Murder and Parliament

Coverbild
Informationen

Allgemeine Angaben

Erscheinungsjahr: 2017
Besonderheiten/Stil: instrumental; Independent / Alternative; Mathrock; sonstiges
Label: Bad Elephant Music
Durchschnittswertung: 10/15 (1 Rezension)

Besetzung

Tom Slatter all other instruments
Alun Vaughan bass guitar
Chrissie Caulfield violin

Tracklist

Disc 1
1. A Scattering 8.29
2. Crookedness 4.53
3. Grey Malkin 4.50
4. Kettle and Cauldron 3.05
5. Firecracker 5.03
6. Embers 6.44
7. Clamour 4.53
8. They Broadcast my Birthday on a Numbers Station 5.29
Gesamtlaufzeit43:26


Rezensionen


Von: Siggy Zielinski @


Tom Slatter vergleicht seine auf bisher fünf Soloalben festgehaltene Musik mit einer Begegnung zwischen Nick Cave und Genesis, nachdem sie sehr viel Science Fiction geschaut haben. Bei Murder and Parliament handelt es sich um ein neues (instrumentales) Projekt, das angeblich unerwartete Seiten von Slatter zeigen soll.
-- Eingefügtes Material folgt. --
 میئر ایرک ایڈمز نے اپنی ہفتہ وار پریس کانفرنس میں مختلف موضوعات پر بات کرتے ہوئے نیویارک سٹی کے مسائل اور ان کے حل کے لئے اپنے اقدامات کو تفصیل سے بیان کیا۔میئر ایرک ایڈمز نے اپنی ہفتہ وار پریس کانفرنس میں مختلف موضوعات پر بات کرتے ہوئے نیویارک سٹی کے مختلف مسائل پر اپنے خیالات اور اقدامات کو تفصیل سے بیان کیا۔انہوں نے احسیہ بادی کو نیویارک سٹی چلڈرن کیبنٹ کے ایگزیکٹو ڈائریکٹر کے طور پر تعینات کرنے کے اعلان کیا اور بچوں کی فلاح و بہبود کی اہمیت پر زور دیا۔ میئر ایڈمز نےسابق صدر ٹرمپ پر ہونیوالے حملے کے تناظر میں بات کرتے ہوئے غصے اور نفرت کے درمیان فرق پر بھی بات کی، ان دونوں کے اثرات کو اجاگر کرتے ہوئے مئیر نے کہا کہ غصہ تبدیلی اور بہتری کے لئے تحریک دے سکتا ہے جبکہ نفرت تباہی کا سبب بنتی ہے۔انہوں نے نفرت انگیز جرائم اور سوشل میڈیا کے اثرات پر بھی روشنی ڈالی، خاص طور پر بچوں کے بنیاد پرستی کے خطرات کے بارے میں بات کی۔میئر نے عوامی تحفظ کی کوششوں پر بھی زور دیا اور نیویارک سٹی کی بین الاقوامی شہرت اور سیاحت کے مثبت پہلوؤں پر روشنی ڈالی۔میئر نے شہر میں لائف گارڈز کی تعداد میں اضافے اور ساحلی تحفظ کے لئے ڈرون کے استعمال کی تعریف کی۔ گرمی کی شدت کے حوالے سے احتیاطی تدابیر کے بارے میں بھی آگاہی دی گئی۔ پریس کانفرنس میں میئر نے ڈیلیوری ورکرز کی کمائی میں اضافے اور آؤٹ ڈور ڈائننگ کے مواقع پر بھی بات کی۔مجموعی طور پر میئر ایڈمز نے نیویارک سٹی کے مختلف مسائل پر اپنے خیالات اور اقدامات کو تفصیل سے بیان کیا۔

Auf seinen bisher unter eigenem Namen veröffentlichten Alben war Slatter für alle Instrumente selbst verantwortlich. Das ist auf dem titellosen Debütwerk von Murder and Parliament nicht viel anders. Hier zeichnet Slatter für die Gitarren und das Schlagzeug verantwortlich. Slatter macht zwar als Gitarrist und Schlagzeuger eine gute Figur, mein Eindruck ist jedoch, dass sein Hauptinstrument die Gitarre ist. Auf dem vorliegenden Album wird Slatter von einem Bassgitarristen und (viel seltener) von einer Geigerin unterstützt.
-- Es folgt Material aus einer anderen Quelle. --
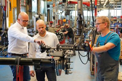 Gigant-Ingenieur Tobias Krieg (links) und Atlas-Copco-Mitarbeiter Wilfried Kampen betrachten die Schraubgewindebolzen an den Naben der aktuellen Fertigung. Die Prozessoptimierer von Atlas Copco geben dem Achsenhersteller immer wieder wertvolle Tipps in Sachen Schraubtechnik. (Bild: Atlas Copco Tools)

Der vielseitig interessierte Musikfreund bekommt einiges an Vielfalt geboten. Darunter den mit den vielseitigen (meist repetitiven) Gitarrenfiguren aufwartenden Mathrock („A Scattering“, „Clamour“), eine seltsame Mischung aus den treibenden Britpop-Riffs und atmosphärischem Genesis-Prog („Crookedness“), eine Verschmelzung von polyphonen und rockig abgehenden Instrumentalparts („Grey Malkin“), elektronisch-experimentelle Kammermusik („Kettle and Cauldron“), komplexen Kammerprog für Gitarren, Geigen und eine Rhythmussektion („Firecracker“), entspannende Ambient-Musik mit exponierten Geigensolos, dezenten Basssolos und begleitenden sphärischen Gitarren („Embers“) sowie – zum Abschluß - den melodischen Alternative Rock mit progressiven Einschüben („They Broadcast…“).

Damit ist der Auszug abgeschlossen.